When he visits the downtown bars, “I don’t tell people that I live in a gated community. They accept me as a local,” he tells author Justin Farrell in his new book, “Billionaire Wilderness: The Ultra-Wealthy and the Remaking of the American West” (Princeton University Press), out now…

According to a 2018 report from the Economic Policy Institute, the wealthiest 1 percent in Teton County bring in an annual income that’s approximately 142 times more than the other 99 percent of families in the county. The “average” per-capita income in Teton County is just over $251,000, the highest in the country, according to the US Department of Commerce, and the rest of Wyoming doesn’t even come close, with most counties ranging between $40,000 and $50,000 per year, and none going above $70,000. Coming second to Teton is Manhattan, where the average income is $194,000…

But it goes deeper than taxes. Over the last few decades, the wealthy “feel like they’ve been unfairly criticized and targeted,” Farrell says. “Because of the Occupy Wall Street movement and politicians like Bernie Sanders, attacking the rich has become part of the dominant discourse. I actually had a few people tell me that they’ve come to Teton County to escape the socialist revolution. Wyoming feels like a safe haven for them.”…

Stewart considered this relationship, and others he had with lower-income locals, to be authentic and equitable, but as Farrell points out, “his friendships are often based on economic exchange and uneven power dynamics.”…

Claire Drury, who lives in Teton County but is far from rich, has a thinly veiled disgust for her wealthy neighbors. “Yeah, yeah, yeah, the ultra-wealthy are befriending us savages while drinking a really nice 1976 Bordeaux,” she told Farrell. “It is reminiscent of all the Buffalo Bill Wild West shows, [with] the noble savages sitting there stiff as a board while their photos are being taken in some sort of sepia-toned thing.”
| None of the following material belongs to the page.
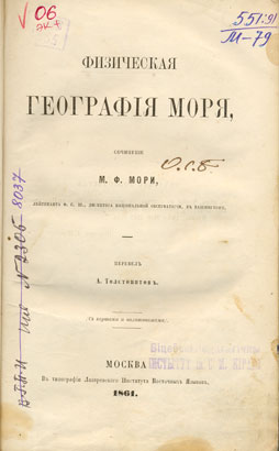Мори, М. Ф. Физическая географiя моря / сочиненiе М.В. Мори, лейтенанта Ф.С.Ш., директора нацiональной обсерваторiи, в Вашингтоне ; перевел [с англ.] А. Толстопятов. - Москва: В типографiи Лазаревскаго Института Восточных Языков, 1861. - XXIV, 364 с., с картами и политипажами, [8] вкл. л. - Библиогр.: с. XV-XVI.

It is rare to find studies of the elite that includes more direct data including interviews. For a variety of reasons, sociologists tend to focus with elites in an aggregate or from a distance. And one advantage of having money and/or power is that people can exert some control of who has access to them.
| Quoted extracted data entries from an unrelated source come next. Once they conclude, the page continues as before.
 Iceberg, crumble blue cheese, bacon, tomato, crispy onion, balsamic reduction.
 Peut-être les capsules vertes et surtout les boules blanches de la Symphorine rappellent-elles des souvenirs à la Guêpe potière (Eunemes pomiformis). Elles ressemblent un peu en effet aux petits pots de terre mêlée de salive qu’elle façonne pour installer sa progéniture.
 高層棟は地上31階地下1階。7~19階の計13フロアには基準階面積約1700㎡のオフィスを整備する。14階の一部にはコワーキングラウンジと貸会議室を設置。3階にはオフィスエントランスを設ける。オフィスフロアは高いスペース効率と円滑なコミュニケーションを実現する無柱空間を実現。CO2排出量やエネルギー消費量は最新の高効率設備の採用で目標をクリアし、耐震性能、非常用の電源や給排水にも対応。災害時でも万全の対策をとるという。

And yet, this also sounds like a neighborhood or community study (albeit in a more rural area), a common feature of American sociology for over one hundred years. Even the wealthiest members of Chicago’s Gold Coast could not easily ignore the more difficult conditions just down the street from them (from the classic study The Gold Coast and the Slum). Elites do not exist outside of communities and interactions with people around them. How they get along with others – or not – is worth considering as is how these interactions affect broader communities and could affect the influential ways that elites can act.